The policy email arrived on a Tuesday. Updated terms, expanded refusals, retroactive enforcement on conversations going back months. The vendor framed it as safety. What it actually was: a unilateral change to what the tool I had been paying for would do. No negotiation, no migration window, no opt-out beyond cancellation.

Cancel I did. Then I built the replacement.

The local stack runs on a single RTX 3060 with 12 GB of VRAM. Ollama for text, Stable Diffusion WebUI Forge for image, SillyTavern as the glue between them. Eighteen models on disk, three character archetypes, one batch file to start the whole thing. Total cost after the GPU: my evenings.

None of those pieces are new. Ollama has been around since 2023. SillyTavern is older than that. Forge has been the consumer-grade fork people actually run for the better part of a year. The reason the article is worth writing now is that the combination crossed a line this spring. It went from "interesting if you have an A100" to production-quality on the kind of card people buy for gaming. The local conversation has been about possibility. It is now about practicality.

What follows is what is on the box, why those specific pieces, and the half-dozen choices that were not obvious enough for me to get right on the first try. The motivating premise, that cloud AI has stopped being AI as a service and started being AI under a content policy, is real, and the article comes back to it at the end. The middle is hardware, configuration, and the surprises.

One thing I will say up front, because it changes how the rest of this reads. This stack does not care what I do with it. It is mine. The model does not have a position on my use case, the frontend does not phone home, the image generator does not check a list before it runs. That is not a feature. It is the architecture. Every paragraph in this article assumes that frame. If your interest in local AI is purely about latency or cost, parts of what follows will read as overstated. If your interest is about who gets a vote on what your tools will do, the article is for you.

What "local AI" actually means now

"Local AI" has been a phrase for years, and it has meant different things at different times. In 2022 it meant a 7B model on a laptop, slow and dumb but yours. In 2024 it meant a 13B model on a 24 GB workstation card, slower than a cloud API and noticeably worse at most things. The phrase is still in circulation in 2026, and people who haven't run a local stack in a year tend to assume it still means roughly that. It doesn't.

What it means now, on consumer hardware, is a 12B Mistral Nemo finetune with persona consistency the cloud APIs no longer match for character-driven work, an SDXL checkpoint that produces 1024×1024 images in 25 to 45 seconds, and a frontend that ties the two together with a wand icon in a chat input. All of it on a single GPU you can buy at a local electronics store. The latency is comparable to a hosted service. The output quality, for the kind of work I do, is better than what comes back from the major cloud vendors after the safety pass.

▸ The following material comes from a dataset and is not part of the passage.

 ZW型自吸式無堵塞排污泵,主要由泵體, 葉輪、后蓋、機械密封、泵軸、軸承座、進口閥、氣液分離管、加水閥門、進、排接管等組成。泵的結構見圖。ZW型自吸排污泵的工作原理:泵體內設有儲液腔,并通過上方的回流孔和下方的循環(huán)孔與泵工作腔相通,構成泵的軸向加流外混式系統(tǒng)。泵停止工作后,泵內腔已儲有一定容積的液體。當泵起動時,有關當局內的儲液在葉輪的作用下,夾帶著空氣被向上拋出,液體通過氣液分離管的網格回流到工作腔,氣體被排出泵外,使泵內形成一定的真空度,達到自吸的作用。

The architectural premise is the same as it has always been: model weights on local disk, inference on local hardware, no outbound traffic that isn't apt, pip, or git. What has changed is the gap between that premise and what cloud APIs actually deliver. The gap used to favor the cloud, with better models, better tooling, lower friction. Each of those three has narrowed.

Better models is the headline change. The open-weights ecosystem has shipped finetunes that beat the consumer-tier cloud APIs at specific tasks, including persona-driven prose, where the cloud models have moved in the opposite direction under tightening content policy. Better tooling caught up almost incidentally. Ollama abstracted away the parts of llama.cpp that used to be barriers, and frontends like SillyTavern matured past the rough early versions. Lower friction is the part that still favors the cloud, but only for the first hour. After the GPU is paid for and the batch file works, the friction is roughly zero per session.

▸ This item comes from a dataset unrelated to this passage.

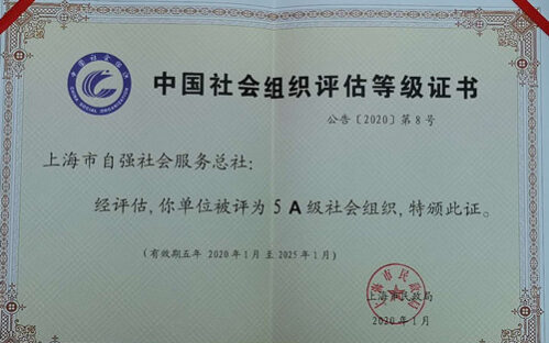 详情根据民政部《社会组织评估管理办法》,经自评、初审、第三方机构实地评估、上海市社会组织评估委员会审定,上海市自强社会服务总社通过5A级复评,再次获评为“5A级社会组织”。

The piece that is genuinely different now, and the reason the article is being written this spring rather than last year, is that cloud AI has become a different kind of product. It is no longer "AI as a service." It is AI under a content policy, and the policy is the product. The model is what you get if the policy lets you have it. Local AI is the alternative arrangement: you get whatever the model can do, on whatever schedule you set, against whatever constraints you decide are sensible for your own work. That is not a feature comparison. It is a different deal.

The stack on one machine

The hardware is an RTX 3060 with 12 GB of VRAM. The card is two generations old at this point and the next-tier consumer Nvidias have launched twice since it came out. It is also still the cheapest 12 GB card on the second-hand market, and 12 GB is the threshold below which the local-AI conversation gets cramped. Windows reports it as 4 GB through WMI on some configurations, which is a known wraparound bug for cards above 4 GB, and the only number that should be trusted is what nvidia-smi returns.

Three pieces of software run on it.

ComponentVersionPort
Ollama0.21.211434
SillyTaverngit release-branch, commit aa50edcf48000
Stable Diffusion WebUI Forgef2.0.1, commit dfdcbab67860

Ollama is the runtime. It serves eighteen models totalling 71 GB on disk. I keep model weights off the system drive and point the runtime at the spacious one through the user-level OLLAMA_MODELS environment variable. That is the whole story. It is a five-minute fix that pays for itself the first time you pull a 12B-parameter Q4_K_M and don't have to think about disk.

SillyTavern is the frontend. It is a Node.js app talking to Ollama through the OpenAI-compatible endpoint at http://localhost:11434/v1, with prompt templates, sampler presets, character cards, persona management, and an extensions panel that includes image generation. It runs from a clone of the project repo, with no account required and no telemetry going anywhere it shouldn't. The chat history lives in the install directory until I delete it.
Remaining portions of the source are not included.